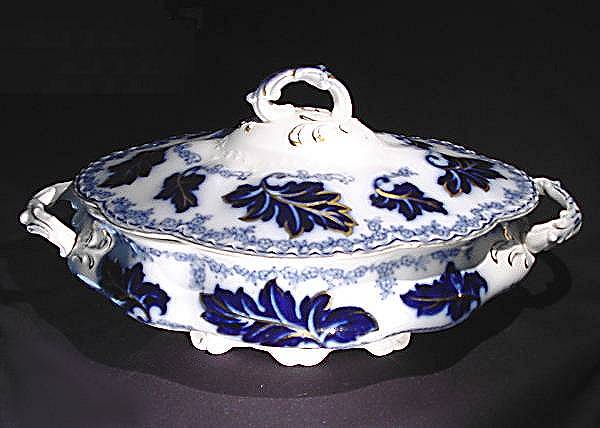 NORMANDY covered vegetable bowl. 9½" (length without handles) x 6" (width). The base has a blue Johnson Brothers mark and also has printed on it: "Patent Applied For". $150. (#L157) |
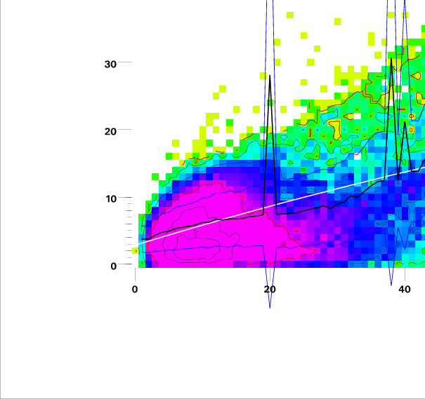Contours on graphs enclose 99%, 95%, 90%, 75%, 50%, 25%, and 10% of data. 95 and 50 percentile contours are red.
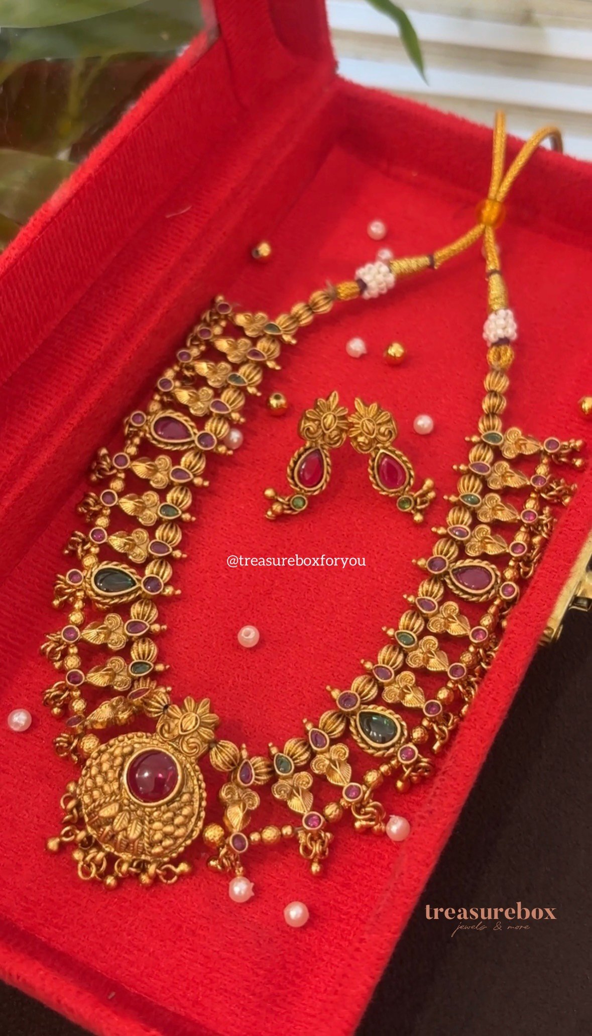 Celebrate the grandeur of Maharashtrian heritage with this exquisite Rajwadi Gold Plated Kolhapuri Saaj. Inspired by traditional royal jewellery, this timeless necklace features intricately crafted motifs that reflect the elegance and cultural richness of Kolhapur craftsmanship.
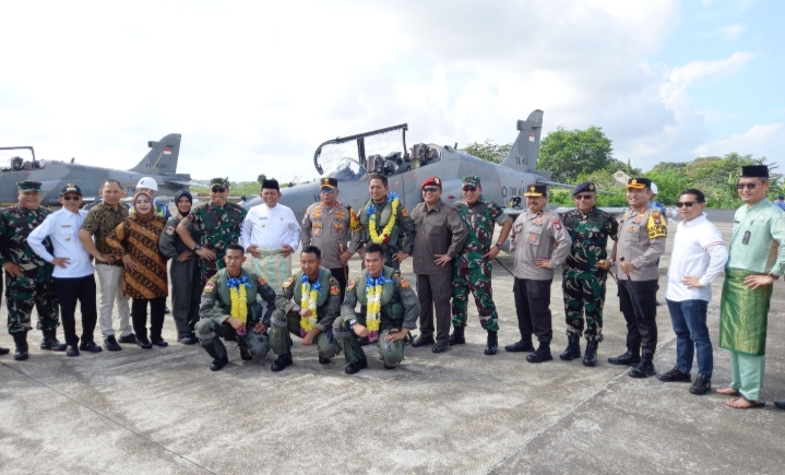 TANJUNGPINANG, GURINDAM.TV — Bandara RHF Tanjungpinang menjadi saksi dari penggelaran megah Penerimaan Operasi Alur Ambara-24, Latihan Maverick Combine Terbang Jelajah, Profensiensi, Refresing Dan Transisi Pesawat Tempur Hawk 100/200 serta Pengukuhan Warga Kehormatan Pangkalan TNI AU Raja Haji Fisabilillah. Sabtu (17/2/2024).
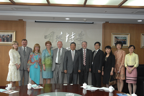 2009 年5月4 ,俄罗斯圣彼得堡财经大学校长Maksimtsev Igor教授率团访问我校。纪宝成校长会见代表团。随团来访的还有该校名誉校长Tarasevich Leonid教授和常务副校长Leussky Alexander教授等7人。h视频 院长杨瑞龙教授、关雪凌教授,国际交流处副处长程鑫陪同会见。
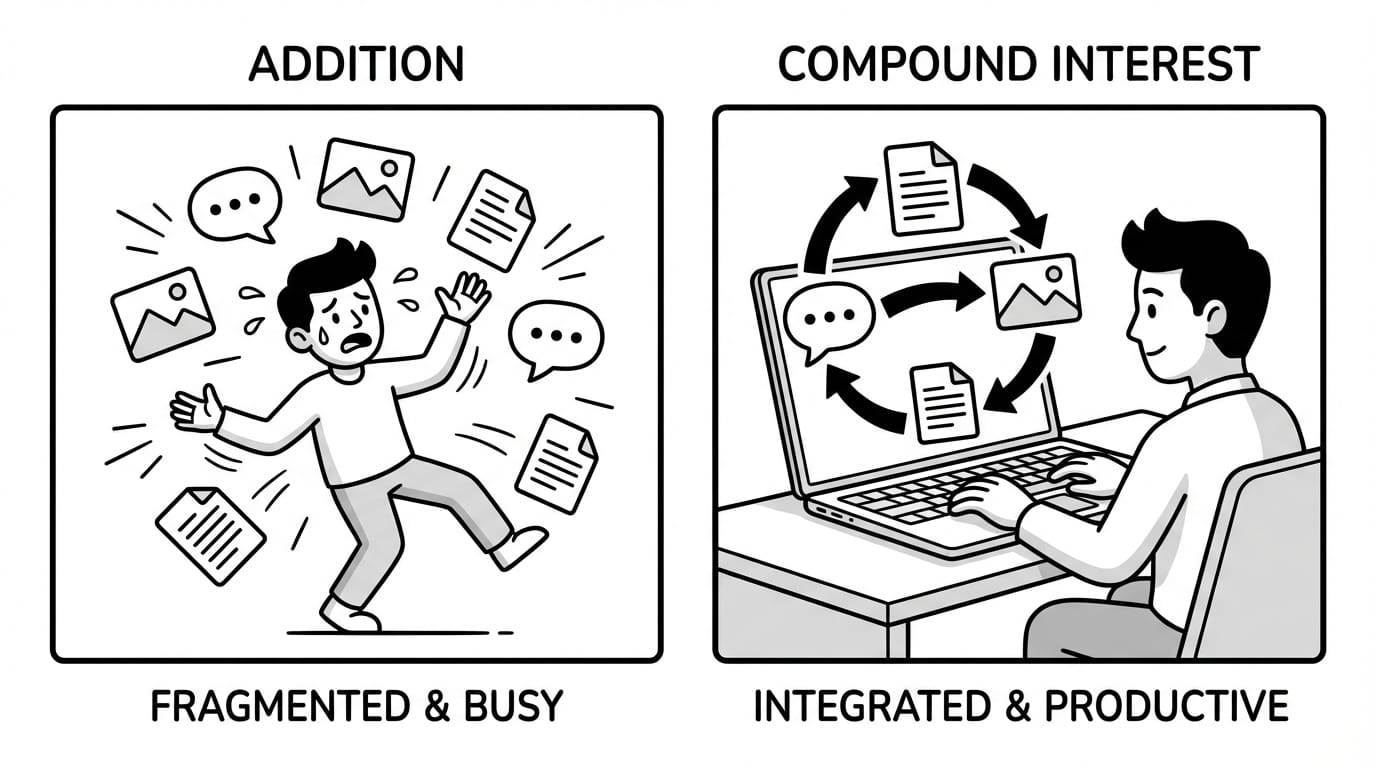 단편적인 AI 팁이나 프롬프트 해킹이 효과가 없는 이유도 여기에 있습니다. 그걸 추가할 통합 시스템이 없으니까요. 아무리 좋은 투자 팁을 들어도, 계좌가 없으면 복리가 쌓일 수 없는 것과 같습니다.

________________________________________

> **What you should do**: Output a verbatim copy of the lines from the line containing "Celebrate the grandeur" through the end of the data, both included, without any images.

> **Result of the exercise**:
 Celebrate the grandeur of Maharashtrian heritage with this exquisite Rajwadi Gold Plated Kolhapuri Saaj. Inspired by traditional royal jewellery, this timeless necklace features intricately crafted motifs that reflect the elegance and cultural richness of Kolhapur craftsmanship.
 TANJUNGPINANG, GURINDAM.TV — Bandara RHF Tanjungpinang menjadi saksi dari penggelaran megah Penerimaan Operasi Alur Ambara-24, Latihan Maverick Combine Terbang Jelajah, Profensiensi, Refresing Dan Transisi Pesawat Tempur Hawk 100/200 serta Pengukuhan Warga Kehormatan Pangkalan TNI AU Raja Haji Fisabilillah. Sabtu (17/2/2024).
 2009 年5月4 ,俄罗斯圣彼得堡财经大学校长Maksimtsev Igor教授率团访问我校。纪宝成校长会见代表团。随团来访的还有该校名誉校长Tarasevich Leonid教授和常务副校长Leussky Alexander教授等7人。h视频 院长杨瑞龙教授、关雪凌教授,国际交流处副处长程鑫陪同会见。
 단편적인 AI 팁이나 프롬프트 해킹이 효과가 없는 이유도 여기에 있습니다. 그걸 추가할 통합 시스템이 없으니까요. 아무리 좋은 투자 팁을 들어도, 계좌가 없으면 복리가 쌓일 수 없는 것과 같습니다.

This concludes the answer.